A.Complete repair can be difficult, but the following steps can address it.
  1. Check the table structure (SHOW CREATE TABLE)
  2. Convert the character encoding
   ALTER TABLE your_table_name CONVERT TO CHARACTER SET utf8mb4 COLLATE utf8mb4_general_ci;
However, if the already saved data is corrupted, you may need restoration from a backup or manual correction.

Q4. I’m using MySQL in Docker, but Japanese input causes garbled characters.

A.In addition to MySQL settings, you need to add locale settings (such as LANG=ja_JP.UTF-8) in the Dockerfile or docker-compose.yml. Also, explicitly specify --character-set-server=utf8mb4 in the startup command for the MySQL container.

Q5. What is the difference between utf8 and utf8mb4? Which one should I use?

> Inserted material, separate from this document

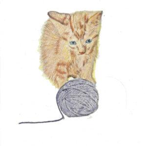 Meine Katze Keks. Sie liebt es mit Wollknäuel zu spielen. Warum sie so heißt, könnt ihr in meinem Buch lesen.

A.MySQL’s utf8 actually only handles 3-byte UTF-8 compatible characters. On the other hand, utf8mb4 supports 4 bytes and can properly handle emojis and some kanji characters. Currently, utf8mb4 is recommended from the perspectives of compatibility and future-proofing.

Q6. CSV files exported from Excel are garbled. What should I do?

A.Excel defaults to using Shift_JIS or BOM-attached UTF-8 in some cases, which can cause a mismatch with MySQL’s character encoding. Save the CSV file in UTF-8 or execute SET NAMES 'utf8mb4'; when importing to align the encoding on the MySQL side.
If this FAQ does not resolve your issue, review the settings from the beginning or rebuild the development environment for each setup as one approach. Patiently addressing technical challenges leads to proper handling of Japanese data.